Another important difference between traditional feedforward networks and RNNs is weight sharing. While feedforward networks use separate weights for each input feature, RNNs share the same weights across each time step. This not only imposes an additional awareness of time to the network, but also allows the network to better generalize to sequence lengths not seen during training [4].
Conclusions
Our experiments using RNNs to engineer time-dependent features and model churn have shown performance on par with time-agnostic machine learning algorithms using handcrafted features. The results are promising in that they suggest that time-based feature engineering may be automated without sacrificing model performance. These conclusions, however, are not without caveats. Most notably, RNNs are notoriously difficult to train. They are also prone to vanishing gradients, the result of backpropagating errors across many time steps.

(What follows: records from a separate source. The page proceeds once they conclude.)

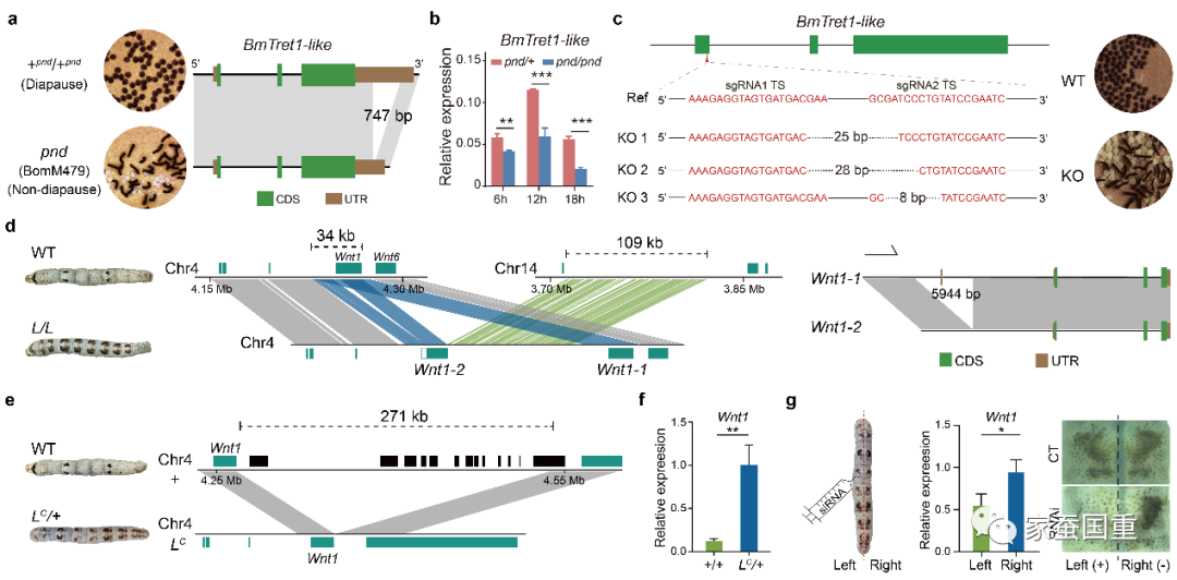 滞育是昆虫中常见的一种生态适应性性状,它能确保昆虫顺利躲过不利于生存的环境条件。虽然滞育激素早在1957年于家蚕中首次被发现(Nature, 1957),但至今关于胚胎滞育基因的信息却很少。本研究中,基于家蚕“着色非滞卵”突变体(pnd)和基因组结构变异分析,并通过基因编辑进行功能验证,揭示了BmTret1-like基因是重要的胚后滞育决定因子。这是昆虫中首次鉴定出胚后滞育决定基因。
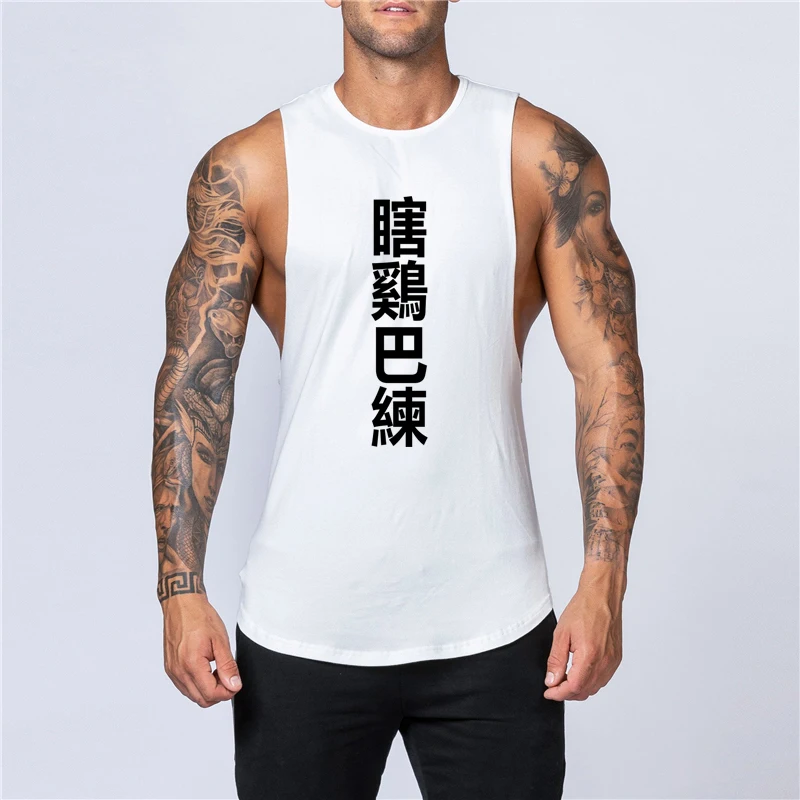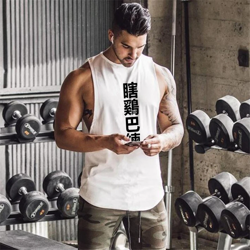 Футболка мужская без рукавов, свободный хлопковый спортивный жилет для фитнеса, с разрезом на рукавах, с принтом, на лето
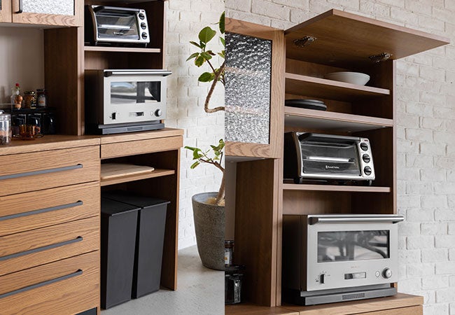 他にも、日常のお手入れがしやすいようにカウンター天板は傷や汚れ、熱に強いメラミン樹脂加工を施し、オープン部分上部には、水蒸気を調湿しカビや劣化から守るモイスを設置するなど、使い勝手や毎日のお手入れのしやすさに配慮して設計しています。
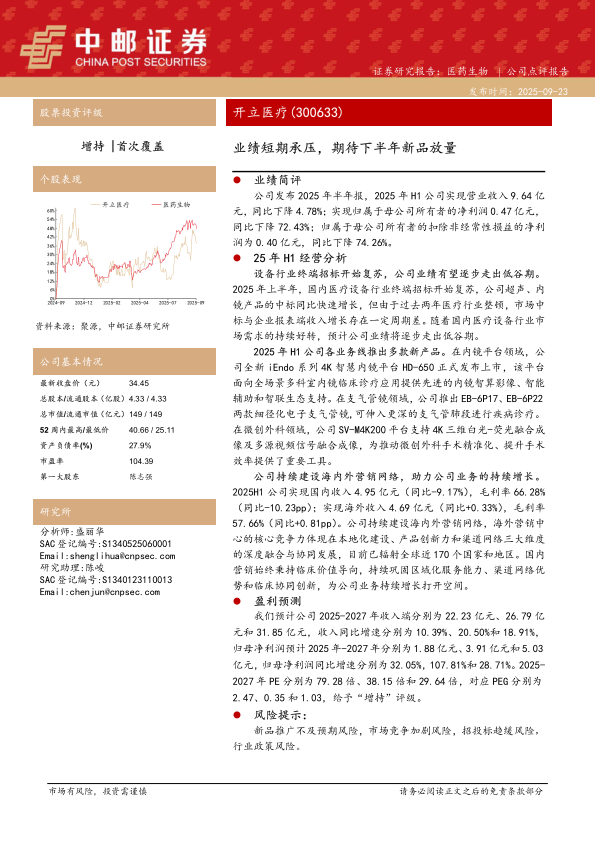 本报告对开立医疗(300633)进行了首次覆盖,并给予“增持”评级。报告分析了公司2025年上半年的业绩表现,认为短期业绩承压,但随着医疗设备行业终端招标的复苏和公司新品的陆续推出,预计下半年业绩将有所改善。
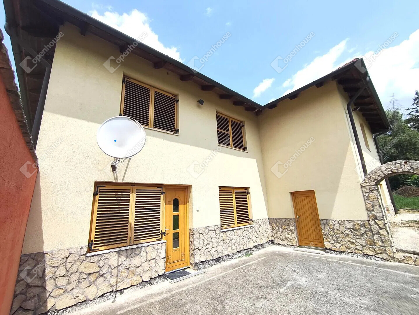 Mediterrán jellegű dizájn: A ház homlokzata meleg, sárgás árnyalatú vakolatot kapott, amely a rusztikus és mediterrán építészeti stílusokra emlékeztet.
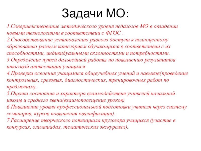 1.Совершенствование методического уровня педагогов МО в овладении новыми технологиями в соответствии с ФГОС .
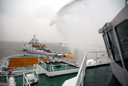 1月23日,“南海救101”輪在救助演習(xí)中動(dòng)用消防水炮,直射假想中的難船。
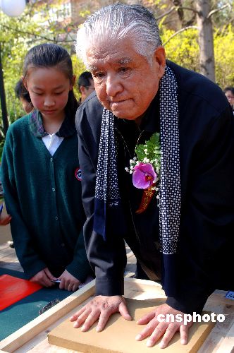 四月十七日,中国话剧主题公园揭幕仪式在北京青年湖公园举行。该主题公园第一期工程包括纪念主题雕塑和纪念林。当日,前来参加揭幕仪式的李默然等话剧表演艺术家在该园认种银杏树,并应邀为公园留下“手模”。二00七年是中国话剧诞辰一百周年,进入四月后系列纪念活动陆续拉开帷幕。中新社发 廖攀 摄
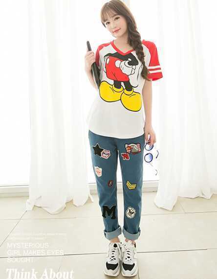 夏季米奇卡通t恤衫,穿出减龄可爱甜美造型,让MM瞬间减龄5岁喔。

However, a variation on the original RNN architecture, Long Short-Term Memory (LSTM), solves this vanishing gradient problem by incorporating additional mathematical operations that modulate past information used in the original RNN [3]. As we iterate on our exploratory efforts and add complexity to the learning architecture, we hope to gain a better understanding of which deep learning algorithms are best. This especially includes the prevalent issue of predicting and minimizing churn.
Citations
[1] Shaojie Bai, J. Zico Kolter: “An Empirical Evaluation of Generic Convolutional and Recurrent Networks for Sequence Modeling”, 2018; [http://arxiv.org/abs/1803.01271 arXiv:1803.01271].
[2] Pedro Domingos: “A few useful things to know about machine learning”, Commun. ACM, 55, pp. 78-87, 2012; [DOI: https://doi.org/10.1145/2347736.2347755]
[3] Zachary C. Lipton, John Berkowitz: “A Critical Review of Recurrent Neural Networks for Sequence Learning”, 2015; [http://arxiv.org/abs/1506.00019 arXiv:1506.00019].
[4] Ian Goodfellow, Yoshua Bengio & Aaron Courville. Deep Learning. MIT Press, 2016, pp. 367-376.